Information theoretic learning for pattern classification
AuthorKvisle Storås, Ola
This thesis is a study of pattern classification based on information theoretic criteria. Information theoretic criteria are important measures based on entropy and divergence between data distributions. First, the basic concepts of pattern classification with the well known Bayes classification rule as a starting point is discussed. We discuss how the Parzen window estimator may be used to find good density estimates. The Parzen window density estimator can be used to estimate cost functions based on information theoretic criteria. Furthermore, we explain a model of an information theoretic learning machine. With cost functions based on information theoretic criteria, we argue that a learning machine potentially captures much more information about a data set than the traditional mean squared error cost (MSE) function. We find that there is a geometric link between information theoretic cost functions estimated using Parzen windowing, and mean vectors in a Mercer kernel feature space. This link is used to propose and implement different classifiers based on the integrated squared error (ISE) divergence measure, operating implicitly in a Mercer kernel feature space. We also apply spectral methods to implement the same ISE classifiers working in approximations of Mercer kernel feature spaces.
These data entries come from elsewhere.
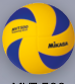
MVT 500 UVP 69,95 € / S. 22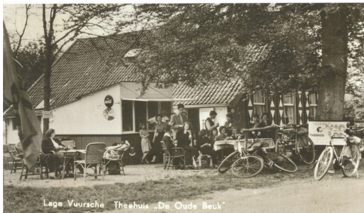
Lage Vuursche Theehuis "De Oude Beuk"

communicatie@historischekringbaerne.nl .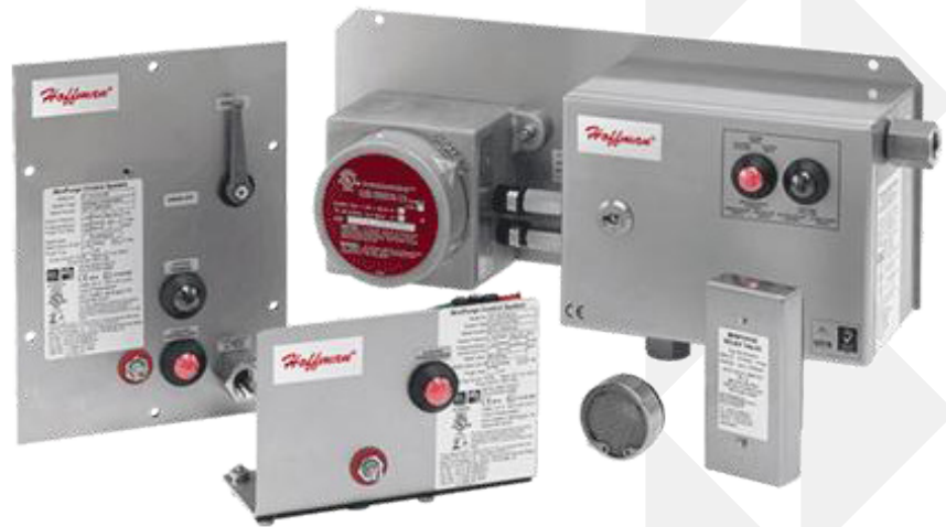
Sistemas de purga y presurización

peligroso o polvo. Esto separa cualquier material explosivo o riesgoso del equipo interno energizado. NFPA requiere una columna de agua con una presión mínima de 0.1 pulgadas (25Pa) para aplicaciones Clase I y II mientras que IEC / ATEX solicita una presión mínima de 50 Pa para los tipo X y Y y de 25 Pa para los tipo Z.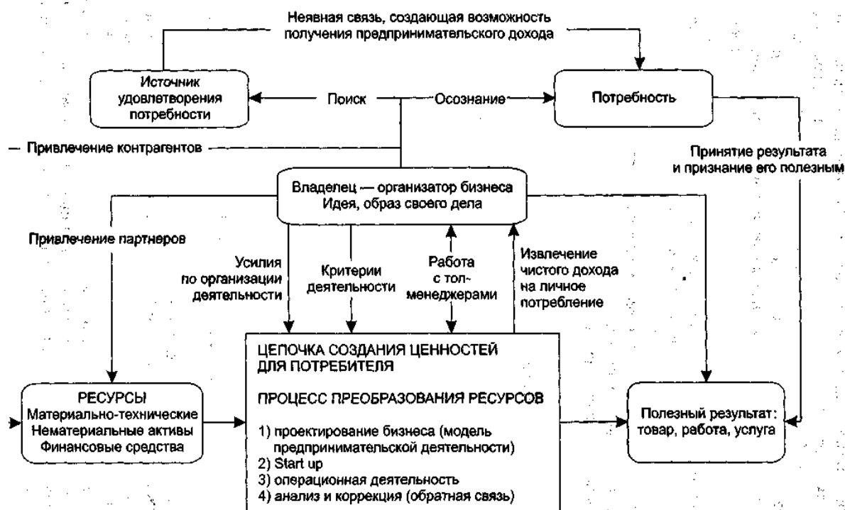
Рис. 6.1. Место владельца в организации бизнеса

Агент должен предоставлять принципалу всю информацию об операциях с предоставленной собственностью, а также предоставлять процент дохода от собственности (или полную сумму дохода). Так, например, менеджер будет являться агентом по отношению к собственнику, который заинтересован в получении прибыли от своего бизнеса, и по отношению к инвестору, который вкладывает свои ресурсы в бизнес и заинтересован в доходе от собственных ресурсов.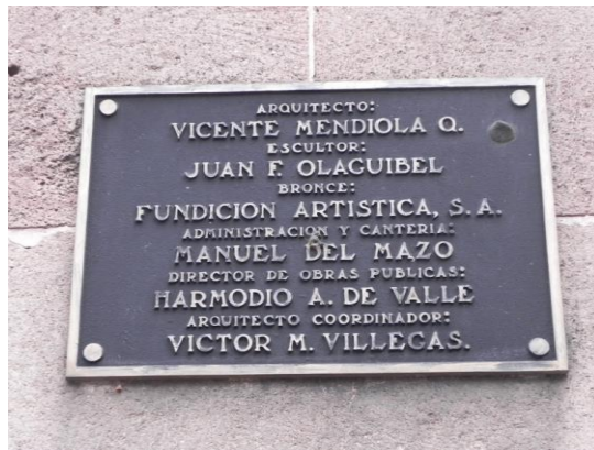
(10) Placa que registra a los participantes en la obra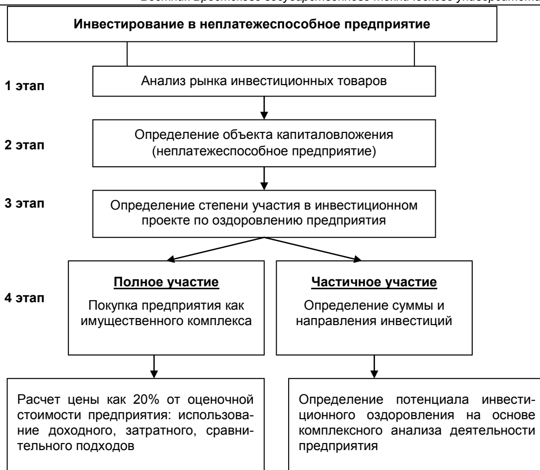
Рис. 2. Инвестирование в неплатежеспособное предприятие

сделки, не должен превышать календарного года. В начальную цену продажи дополнительно включается плата за право заключения договора аренды земельного участка.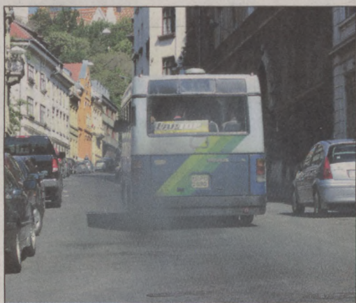
Az elavult Ikarus buszoktól 2015-ben búcsúztunk el

– Nem ezért kezdeményeztem, hogy a kerületben, majd a fővárosban is ingyen parkoljanak a zöld rendszámú autók, hanem azért, hogy ösztönözzük a zéró emissziós autók elterjedését. Az, hogy ezért engem megvádolnak, kicsinyes dolog. Ha ugyanis valaki vállalja, hogy elektromos autót vásárol, és azzal közlekedik, az egyfajta befektetés a jövőbe, hiszen nem szennyezi a levegőt. Arról meg már nem szól az ellenzék, hogy nem pusztán a hivatali autót cseréltük le elektromosra, hanem a kerületkaritógépeink többsége is elektromos meghajtással üzemel, bemutattva azt, hogy milyen sokoldalúan lehet használni ezt a modern technológiát. Sőt, nagyon sokat dolgoztunk azért, hogy elektromos buszok közlekedjenek a kerületben. Évtizedekig kellett elvisszünk a kipufogógáz, a zaj- és rezgésterhelés, amit a kiöregedett Ikarus buszok jelentettek.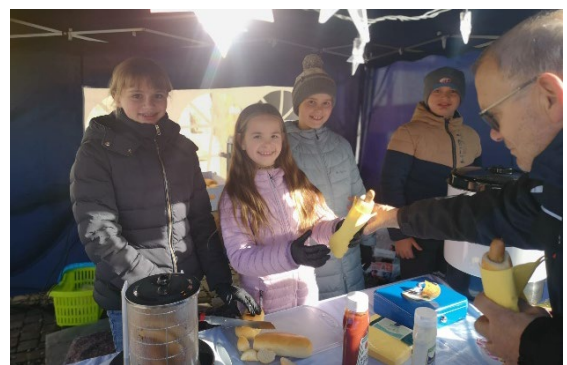
Adventsmarkt – Stand der Ministranten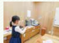
7月22日(土) ひものぼり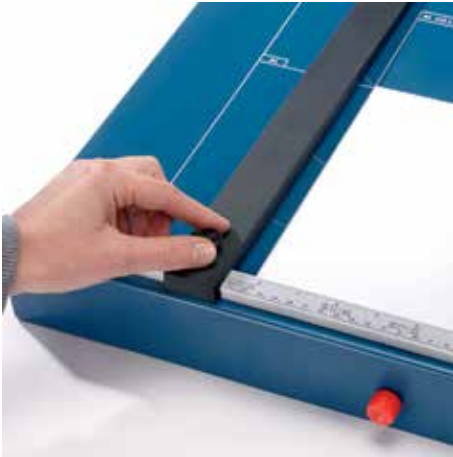
Verstellbarer Metall-Rückanschlag mit Schraubbefestigung zur schnellen Formatfindung - auf beiden Winkelanlagen einsetzbar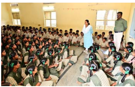
కర్నూలు జిల్లా ఉత్తేజిత ప్రతినిధి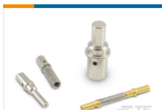
TE 产品编号0462-201-20141 DEUTSCH 实芯端子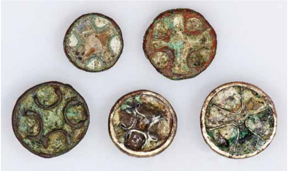
Abb. 9. Die Kreuzemailscheibenfibeln von Eisdorf sind frühe Zeugnisse der Christianisierung in Sachsen

Klarheit über die Bebauung dieses heute als Acker genutzten Areals. Allerdings sind hier seit ca. 15 Jahren Oberflächenfunde getätigt worden, die möglicherweise die Frage nach der Lage des Merseburger Hofes beantworten. In diesem Zusammenhang sind vor allem die Emailscheibenfibeln (Abb. 9) und Messerscheidenbeschläge von Interesse, gestatten sie doch zusammen mit einer Münze eine nähere zeitliche Einordnung und geben Hinweise auf das kulturelle Umfeld. Bei der Münze handelt es sich um einen jüngeren Randpfennig des späten 11. Jahrhunderts, für den die Münzstätten von Halle-Giebichenstein, Merseburg oder aber auch eine nicht näher lokalisierbare in Polen in Frage kommen (Hollstein 2011).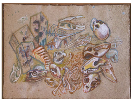
Wilderness I , 2016, aquarelle sur papier Népal, 116 x 150 cm.

Centre métaphorique des œuvres peintes ou dessinées, l'eau – source, étang ou grand étendue – ponctue cette série et lui donne son caractère. Source de vie et objet de culte, elle prend ici la fonction du reflet, de cette humanité qui prend du recul et s'attarde sur sa propre réflexion.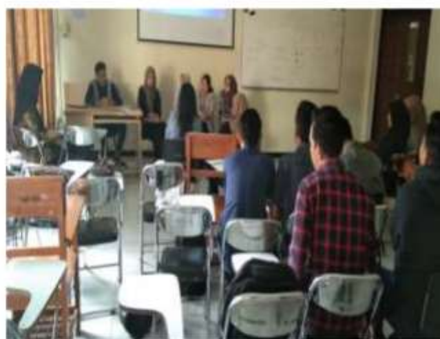
Gambar 19. Pembelajaran mata kuliah Kewirausahaan di Prodi S1 Sosiologi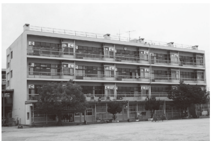
耐震補強工事を行う梶小学校校舎棟

議案第29号、第32号は満場一致で可決しました。議案第35号は賛成多数で可決しました。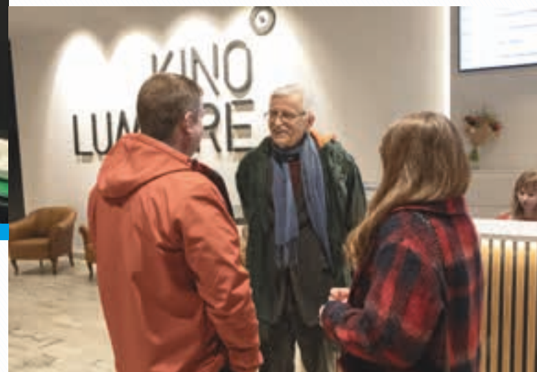
Dušan Hanák —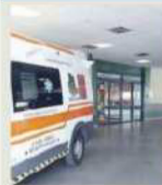
Il Pronto soccorso di Perugia

Alcol e risse, movida violenta nei bar di paese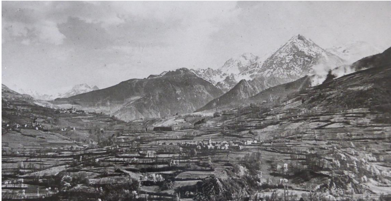
Années 1950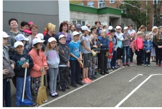
Совместная экологическая деятельность в природе.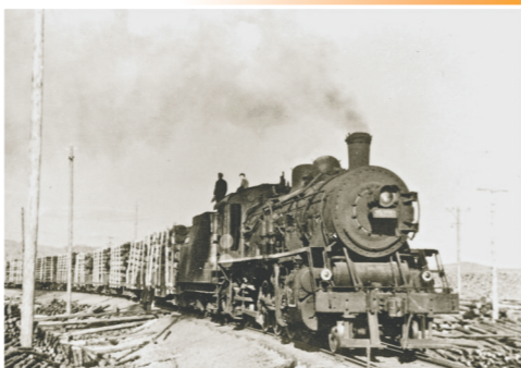
大兴安岭木材运往包钢工地。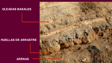
Formaciones de barro y evaporitas en la zona de contacto de materiales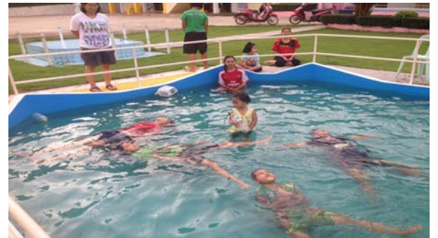
การสอนหลักสูตรว่ายน้ำเพื่อชีวิตรอด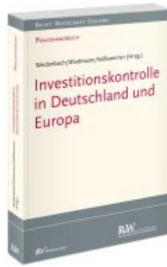
Investitionskontrolle in Deutschland und Europa Ladenpreis: 173,80EUR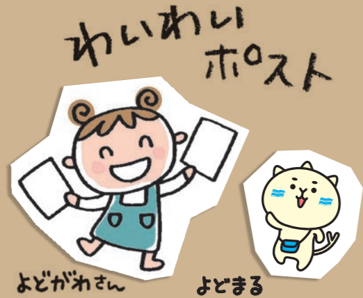
よどがねさん よどまる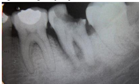
Fig. 1: Radiografía periapical del diente 37

Se observa lesión periapical que afecta ambas raíces e involucramiento de la zona de furca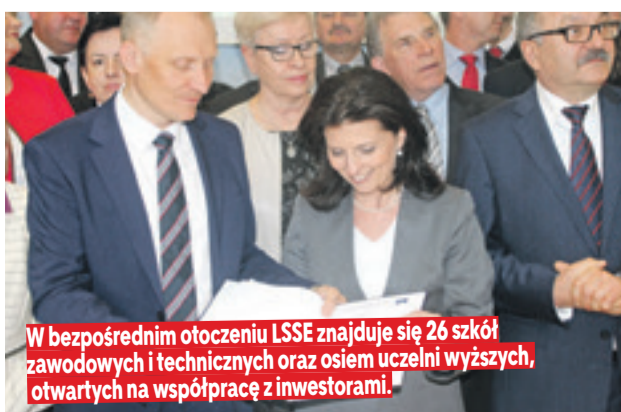
W bezpośrednim otoczeniu LSSE znajduje się 26 szkół zawodowych i technicznych oraz osiem uczelni wyższych, otwartych na współpracę z inwestorami.

Uroczystość podpisania listu intencyjnego, powołującego Dolnośląski Klastr Edukacyjny Legnickiej Specjalnej Stre-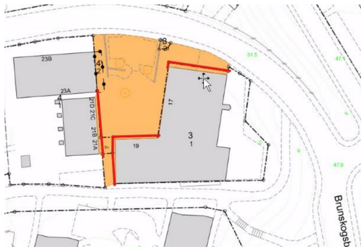
Brunskögsbacken i Farsta Strand.

Den tredje justeringen som gjorts är en utökning av alkoholförbudet kring Farsta centrum för att även omfatta grönområdet ovanför Larsbodavägen i höjd med tunnelbanan. Detta mot bakgrund av att det under en längre tid har funnits en otrygghetsproblematik med nedskräpning i samband med alkoholmissbruk.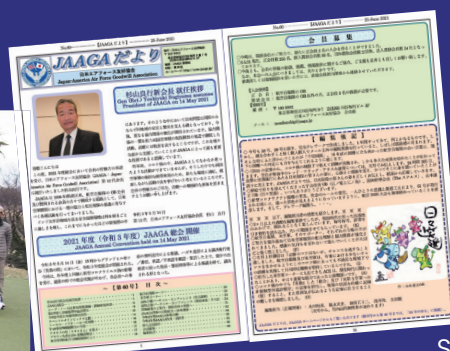
Publish the JAAGA DAYORI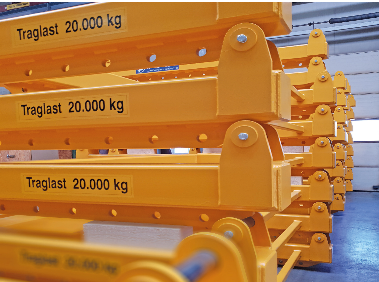
Kleinserie Lastaufnahmemittel zum Integration in eine kundenseitige Förderanlage in der Baumaschinenindustrie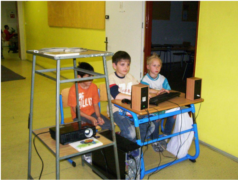
Noc ve škole I.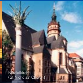
Nikolaikirche (St Nicholas' Church)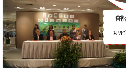
พิธีลงนามความร่วมมือ เครือข่าย มหาวิทยาลัยราชภัฏกลุ่มศรีอยุธยา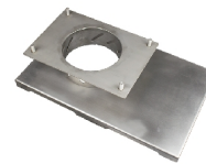
049-012-019 Add-on Adapter Vesta > Haagen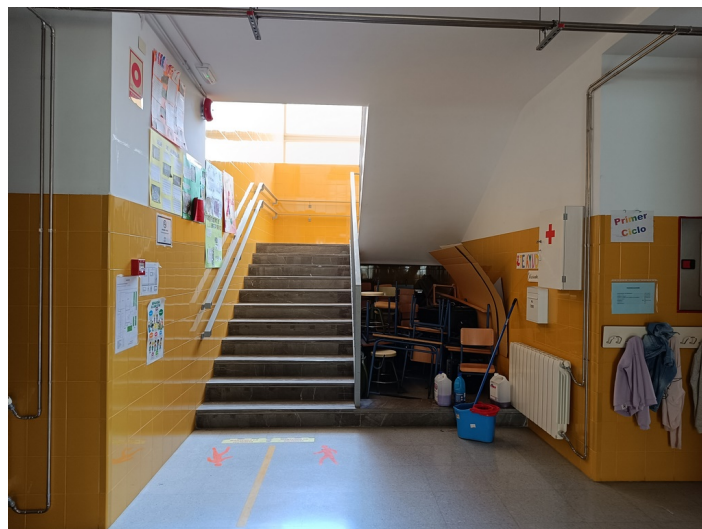
CEIP Padre Manjón Plaza Manuel Zamora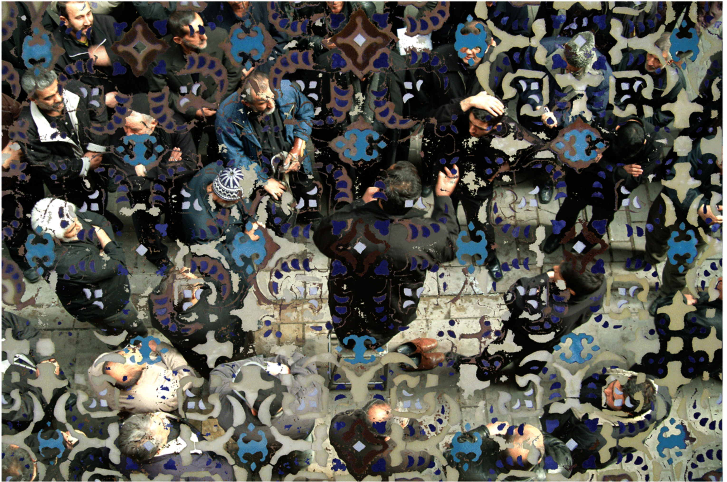
#4 - 75 x 112 cm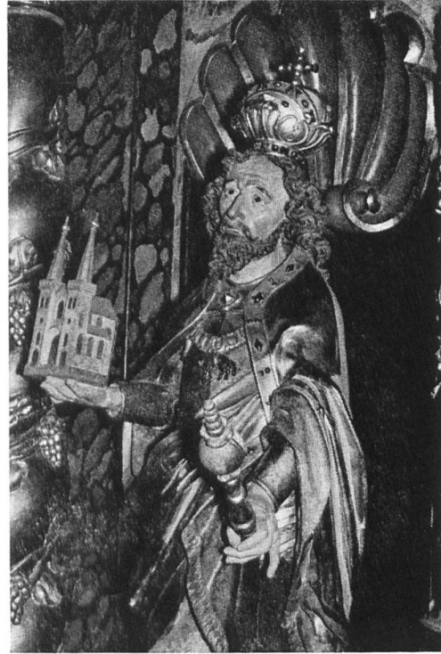
Therwil: Kaiser Heinrich II. am Hochaltar

kapelle, Renaissance-Türe und vorzüglichen Plastiken, alles publizistisch sehr gut dokumentiert, das viel zu wenig bekannte Kunstziel im Leimental. Ein Stündchen in St. Stephan muss für uns immer ein Genuss sein, schon wegen seiner Einmaligkeit aus der Zeit des Frühbarocks, dann auch durch die Mannigfaltigkeit und die vorzüglich erfolgte Restaurierung.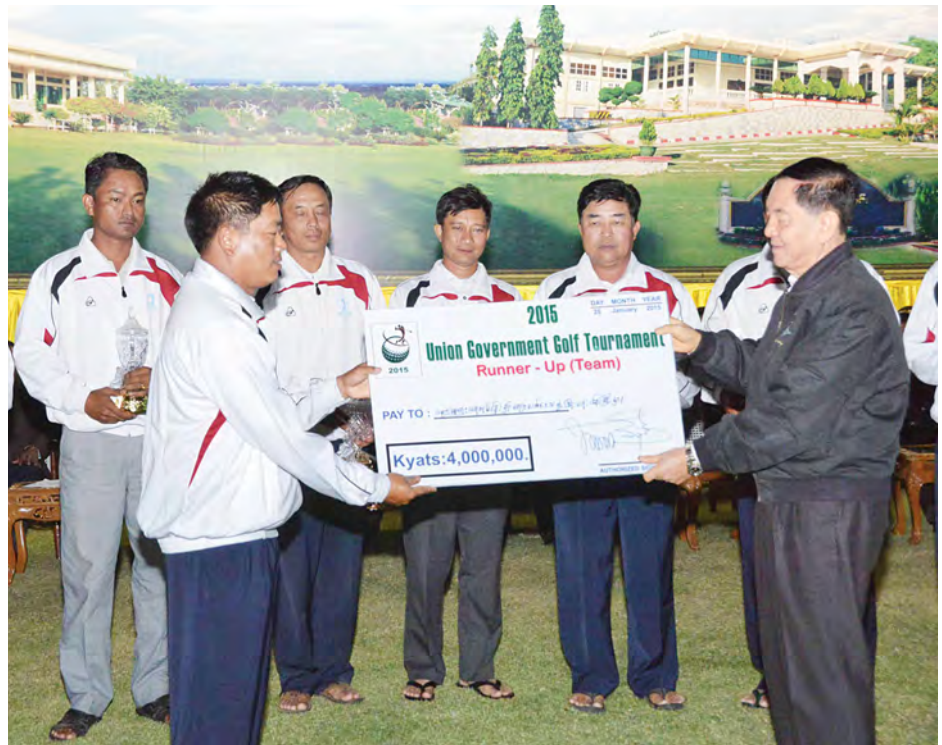
ပြည်ထောင်စုဝန်ကြီး ဦးသိန်းညွန့် ဂေါက်သီးရိုက်ပြိုင်ပွဲတွင် ဆုရရှိသူများအား ဆုများပေးအပ်ပေးအပ်ခဲ့ခြင်း (သတင်းစဉ်)

ဆုချီးမြှင့်ပွဲအပြီးတွင် တက်ရောက်လာကြသည့် ဧည့်သည်တော်များနှင့် ပြိုင်ပွဲဝင်အသင်း ၃၄ သင်းမှ အားကစားသမားများအား နေပြည်တော် မြို့တော် ဂေါက်တွင်းမြက်ခင်းပြင်၌ ဂုဏ်ပြုညစာစားပွဲပြု၍ တည်ခင်းဧည့်ခံသည်။ (သတင်းစဉ်)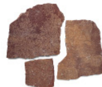
砂岩IM928、乱形、割肌 ¥6,000/m 2

4014 300×300×10~15mm, 8枚/パック 4015 400×400×15~25mm, 5枚/パック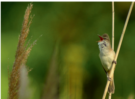
Der Drosselrohrsänger ist oft zu hören, aber selten zu sehen

Ihr seid mitten im zauberhaften Land der tausend Teiche, die wie Edelsteine zwischen Wäldern und Wiesen funkeln. Was denkt ihr, was euch hier erwartet? Es wird spannend – vergesst den Lärm der großen Städte! Hier könnt ihr Natur sehen, hören, riechen und fühlen. Lasst euch faszinieren vom wogenden Röhricht, vom glitzernden Wasserspiegel oder von wolkig weißen Nebelschwaden. Bestaunt im Frühjahr die Blütenteppiche der Buschwindröschen, hört die Rufe der Unkenchöre und die Konzerte ganzer Froschorchester. Erlebt im Herbst das Geschnatter hunderter Wildgänse oder nehmt einfach nur die Stimmung der Teichlandschaft mit ihren riesigen knorrigen Eichen mit!

We investigate the performance of the classifiers when we weight each data point with the the inverse of the probability density function at that point. We find that the ISE classifiers working implicitly in the Mercer kernel feature space performs similar to a Parzen window based Bayes classifier. Using a weighted inner-product definition gives slightly better results for some data sets, while for other data sets the classification rates are slightly worse. When comparing the results between the implicit ISE classifier using unweighted data points and the Parzen window Bayes classifier, some of the results indicate that the ISE classifier favor the classes with highest entropy.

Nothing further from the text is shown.